Calculate the amount of 6 M nitric acid you need to add to fully react with .5 grams of copper and add a 20 percent excess.
Here is a worked example of a stoichiometry problem such as this. After finding moles HNO3, the M = moles/L will give you volume HNO3, then add 20% excess to that.
http://www.jiskha.com/science/chemistry/stoichiometry.html
I still do not understand.
You haven't had time to try yet. Follow the steps one by one. Those instructions, which I wrote, will take you to the answer.
The equation is
3Cu + 8HNO3 ==>3Cu(NO3)2 + 2NO + 4H2O
Check that to make sure it is balanced.
It still doesnt make aense because the answer comes out to 240 liters.

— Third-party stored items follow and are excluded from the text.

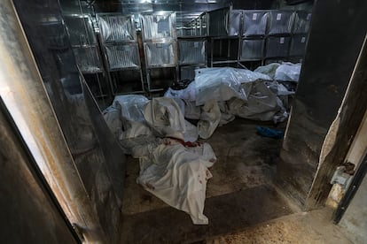 Los cuerpos de palestinos muertos en los ataques israelíes de este sábado sobre la Franja, en el depósito de cadáveres del hospital Al Shifa en Ciudad de Gaza.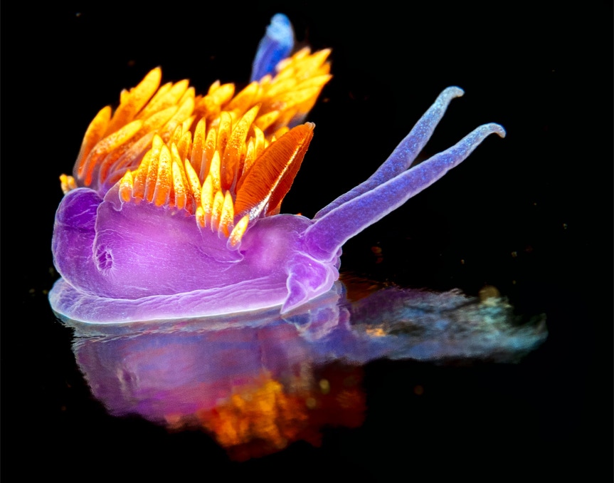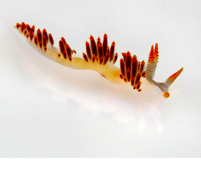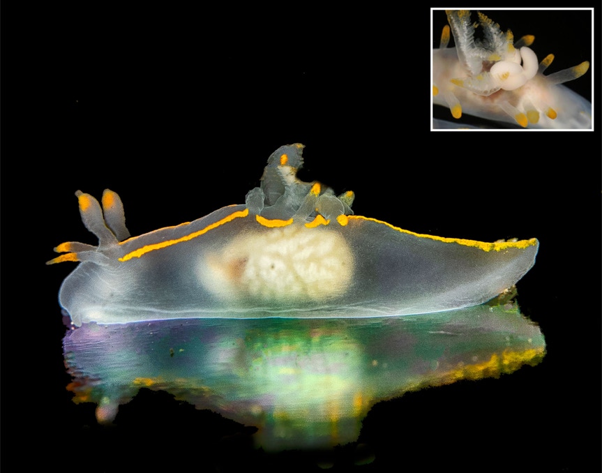 Today's nudibranch is Ancula gibbosa that Dana found for me last week here in California. They are neat little guys and here he is on the black dichroic glass stage. Unfortunately for these guys, there is a copepod (Splanchnotrophus willemi) that thinks the nudibranch is a good place to live. The inset shows the copepod on the gills a different nudi (not my pic). So if you are diving and looking for nudibranchs, keep your eye out for a possible hitchhiker.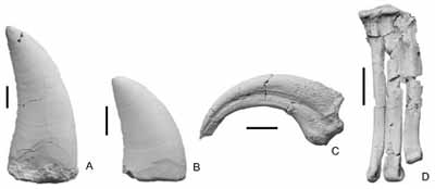 fogai (A-B), egy tépőkarom (C) és egy korai,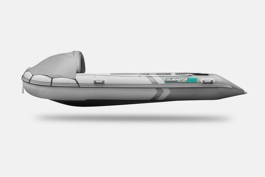 Семиместная килевая моторная лодка GLADIATOR C420AL светло-темносерого цвета со стационарным транцем под мотор до 40 л.с.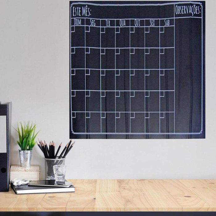 KIT 5 PLANNER QUADRO DE PLANEJAMENTO MENSAL PARA RECADOS LISTA DE COMPRAS AUTOCOLANTE Superfícies recomendadas: Aplicar em superfícies lisas,sem textura ou infiltrações. Maiores informações no manual de aplicação que acompanha o produto.Ambientes recomendados: QuartoÉ adequado para pared: SimÉ adequado para carro: NãoÉ aplicável para geladeira: NãoÉ lousa: SimAdesivo de Parede Lousa Calendário Para as crianças soltarem a imaginação, para recados, lembretes, lista de afazeres, e muitas outras finalidades, foi para isso que pensamos nesta Lousa Adesiva Calendário. Pode ser utilizado com giz comum e é facilmente apagável. Pode ser colocado no quarto dos pequenos, na sala de estudos dos mais crescidinhos, no escritório, na salinha de brinquedos, ou em muitos outros lugares. É super versátil, e combina com tudo. Garanta hoje esse adesivo e decore com praticidade. Dimensões44x60 cm Características.Lavável..Produto não tóxico. O recorte inteligente dos nossos adesivos possui alta precisão e facilita a aplicação. Você mesmo pode aplicar, sem necessidade da contratação de um profissional. Onde posso Aplicar meu Adesivo?Superfícies e paredes lisas, com tinta acetinada, latex e acrílica, livres de poeira ou pó de gesso, móveis, espelhos, portas, box de banheiro. Não aplicar sobre tinta fresca, tinta magnética, superfícies irregulares ou texturizadas, locais com infiltrações. Limpeza Nossos adesivos são laváveis e resistentes a todos os produtos de limpeza de uso doméstico, exceto os produtos à base de cloro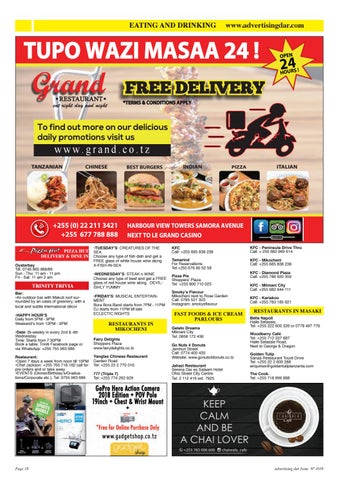 FAST FOODS & ICE CREAM PARLOURS Gelato Dreams Mlimani City Tel: 0656 172 436 Go Nuts 4 Donuts Jamhuri Street Call: 0774 400 435 Website: www.gonuts4donuts.co.tz Jahazi Restaurant Serena Dar es Salaam Hotel Ohio Street City Centre Tel: 2 112 416 ext. 7925

That's not a balanced equation. It should be Cu + 4HNO3 ==>Cu(NO3)2 + 2NO + 2H2O
To calculate the amount of 6 M nitric acid needed to fully react with 0.5 grams of copper and provide a 20% excess, we need to follow a few steps:
Step 1: Determine the molar mass of copper (Cu).
Copper (Cu) has a molar mass of approximately 63.55 g/mol.
Step 2: Convert the mass of copper to moles.
Using the formula: moles = mass / molar mass
moles = 0.5 g / 63.55 g/mol
moles ≈ 0.00787 mol (rounded to five decimal places)
Step 3: Calculate the balanced chemical equation.
The balanced chemical equation for the reaction between copper and nitric acid (HNO3) is:
3Cu + 8HNO3 → 3Cu(NO3)2 + 2NO + 4H2O
This equation tells us that for every 3 moles of copper, 8 moles of nitric acid are required for a complete reaction.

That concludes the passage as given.